Tim Omotoso (born Timothy Oluseun Omotoso, 14 July 1958) is a Nigerian televangelist and the senior pastor of Jesus Dominion International (JDI), based in Durban, South Africa. He was arrested by the South African priority crimes unit, Hawks, on 20 April 2017 at the Port Elizabeth International Airport. On 2 April 2025, he was found not guilty and acquitted on all 32 charges. After spending about 8 years behind bars on trial, Omotoso was set free because the court found that the prosecuting team failed to present a solid case beyond reasonable doubt.

== Career==
The global outreach arm of his ministry functions under Tim Omotoso Global Outreach (TOGO). It is an Apostolic and Prophetic ministry designed under Trinitarian auspices to propagate the gospel of Jesus Christ to this generation with signs following. The Church arm is Jesus Dominion International with branches across South Africa, it holds crusades all over the world. His mandate is to turn the hearts of men back to God. This vision is carried out through the Church arm- Jesus Dominion International, Help the Helpless project which reaches out to the less privileged and needy in society, and a youth empowerment Project (YEP) which is set to empower youth and mentor them.

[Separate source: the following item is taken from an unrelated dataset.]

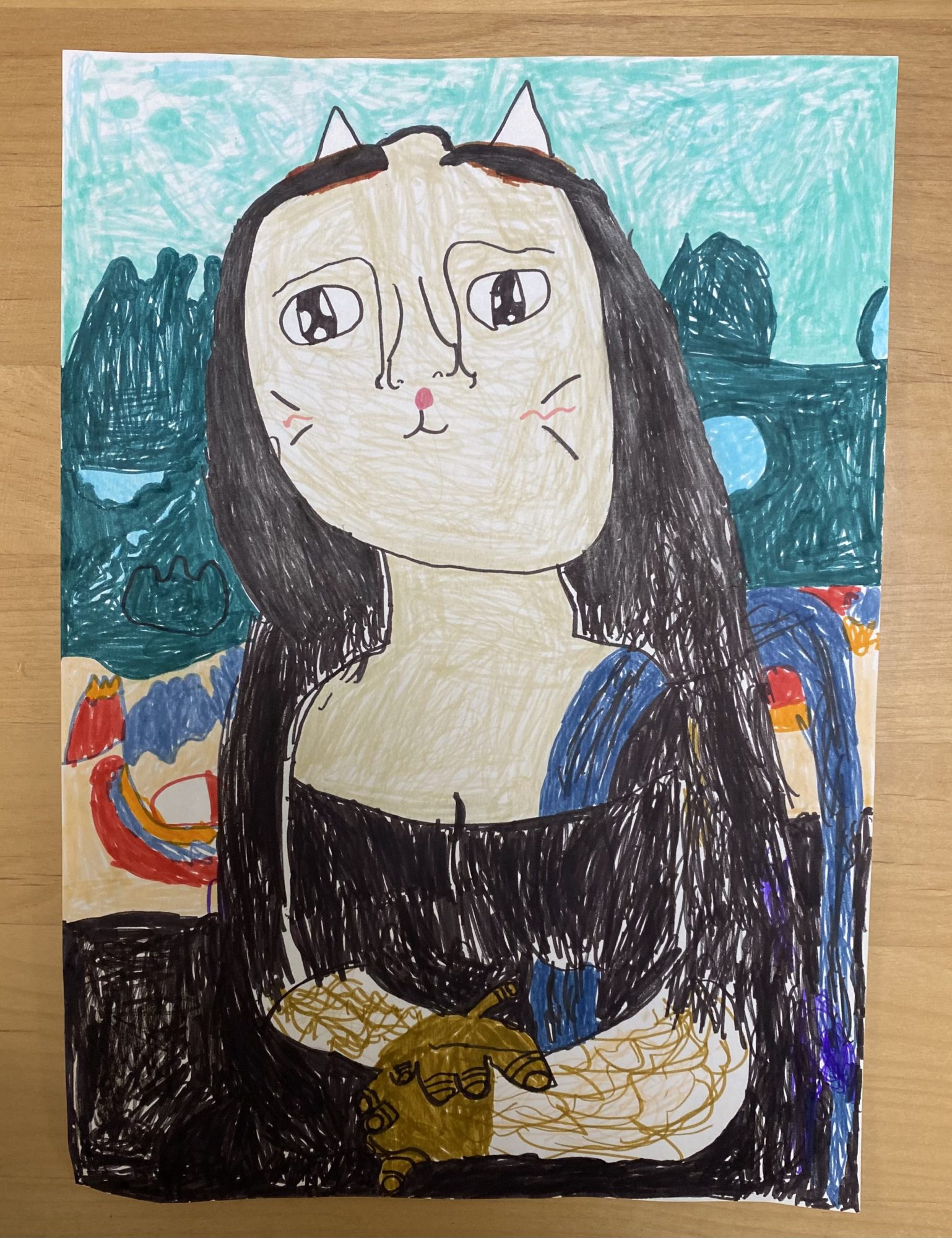 じゅんこ先生 先生2022年12月21日 9:04 AM モナリザへのオマージュ!!!!! モナリザをねこちゃんにするとは!! 発想がすごいですね✨ 背景や手の表現など細かいところまでよく見て描いていますね😊💗 ペンで全部ぬったとは!!すごい集中力です ログインして返信する ↓

Omotoso initiated a youth project in South Africa called “Youth Empowerment Project” (YEP), under which he has mentored a number of music groups including Grace Galaxy and Simply Chrysolite and also individual artists such as Shoggy Tosh who have composed their own songs and produced albums under his guidance.

In one of the awards they were in the same category with Kelly Rowlands for best international act BEFFTA awards and they won the award.

==Television==
Omotoso is the founder of a 24-hour satellite TV station, Ancient of Days Broadcasting Network (ADBN), which airs across the Caribbean, Africa, Mexico, Middle East, Europe and United States. His weekly TV broadcast, 'Just As I Am', features music, sermons and miracle sessions and airs across various networks.

==Publications==
He has written a book titled How to Enjoy Health, Wealth and Longevity and also a prayer book - Prayer Bonanza. His ministry also publishes an annual daily devotional. His messages are also available on DVD.

==Personal life==
He has said he was taught by the Lord to play the piano, the guitar, drums and other musical instruments before the age of 10. In the 1980s, he served as a music director for Ebenezer Obey's Decross Band & Inter Reformers' Band in the 80s.

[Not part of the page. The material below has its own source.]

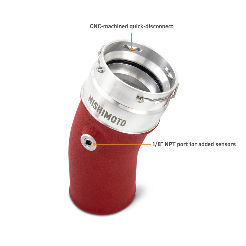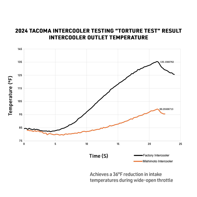 Unlock the full potential of your 2024+ Toyota Tacoma with the Mishimoto Intercooler and Charge Pipes Kit. This system is engineered not just to make power, but to save it when it matters most. Precision-designed to fit within the tight Tacoma engine bay, it maximizes airflow and cooling while reducing strain on your turbo. Whether you're climbing trails, hauling loads, or charging down the highway, this kit keeps intake temps low and reliability high.--The kit’s 55% larger bar-and-plate intercooler core resists heat soak and lowers intake temperatures by 36°F during wide-open-throttle pulls. Reduced pressure drop by 30% means your turbo works less to maintain power, giving smoother low-RPM performance and stronger top-end cooling. Cast end tanks and billet aluminum ports ensure strength and reliable sensor connections, with updated mounting bushings and a new crush washer providing long-term durability.--Customization options include Sleek Silver or Stealth Black intercooler finishes and wrinkle red or wrinkle black charge pipes. The system integrates with OEM and Mishimoto components, including the Mishimoto Performance Aluminum Radiator, for maximum cooling efficiency and future upgrade compatibility. Backed by the Mishimoto Lifetime Warranty, this kit delivers consistent performance, reliable operation, and the confidence to tackle any trail, load, or highway drive.

===Child sex abuse allegations===
Omotoso is alleged to have groomed people and abused them from the age of 14. He was arrested by the South African priority crimes unit, Hawks, on 20 April 2017 at the Port Elizabeth International Airport after a whistleblower, Pamela Mabini, shared information about his alleged crimes with the Commission for the Promotion and Protection of the Rights of Cultural, Religious and Linguistic Communities.

Alongside co-accused Lusanda Sulani and Zukiswa Sitho, South African women alleged to be his assistants, Omotoso faced charges of rape, human trafficking, sexual assault, and racketeering. Initially charged with 97 counts, this was reduced to 63, then 32 and then everything was cleared.

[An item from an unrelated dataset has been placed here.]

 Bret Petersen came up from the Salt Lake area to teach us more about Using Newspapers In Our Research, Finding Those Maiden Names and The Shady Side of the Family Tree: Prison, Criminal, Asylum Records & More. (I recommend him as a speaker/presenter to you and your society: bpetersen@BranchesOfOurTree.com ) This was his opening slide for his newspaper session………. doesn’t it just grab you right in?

The prosecution alleged Omotoso exploited his authority within JDI to groom and abuse young women, some as young as 14. Complainants claimed they were recruited under promises of spiritual or material benefits, only to be subjected to strict control at Omotoso's properties, such as in Durban, where he allegedly assaulted them. Cheryl Zondi, a key witness, testified in 2018 that Omotoso raped her starting at age 14, a testimony that gained widespread attention as the trial was broadcast live, a first for a major rape case in South Africa.

The trial faced significant delays due to defense motions for mistrials, judicial recusals (e.g., Judge Mandela Makaula recused himself in 2019 over a conflict of interest), and prosecution changes. Defense attorney Peter Daubermann challenged witness credibility and accused former prosecutor Nceba Ntelwa of misconduct, including encouraging perjury—allegations Judge Irma Schoeman later deemed exaggerated but noted as irregular.

On 7 March 2025, Mabini, who had reported Omotoso to authorities and offered support to his victims, was shot dead outside her home in KwaZakele.

====Acquittal====
On April 2, 2025, Judge Schoeman acquitted Omotoso, Sulani, and Sitho of all charges in the Eastern Cape High Court in Gqeberha. She ruled that the prosecution failed to prove guilt beyond reasonable doubt, citing inadequate cross-examination and prosecutorial mishandling, though she acknowledged weaknesses in the defense's narrative. The ruling elicited mixed reactions: supporters celebrated, while victims’ advocates, including Zondi, expressed dismay, underscoring broader concerns about addressing sexual violence in South Africa.

==Immigration Case==
In May 2025, Timothy Omotoso was arrested by the South African police in an immigration case.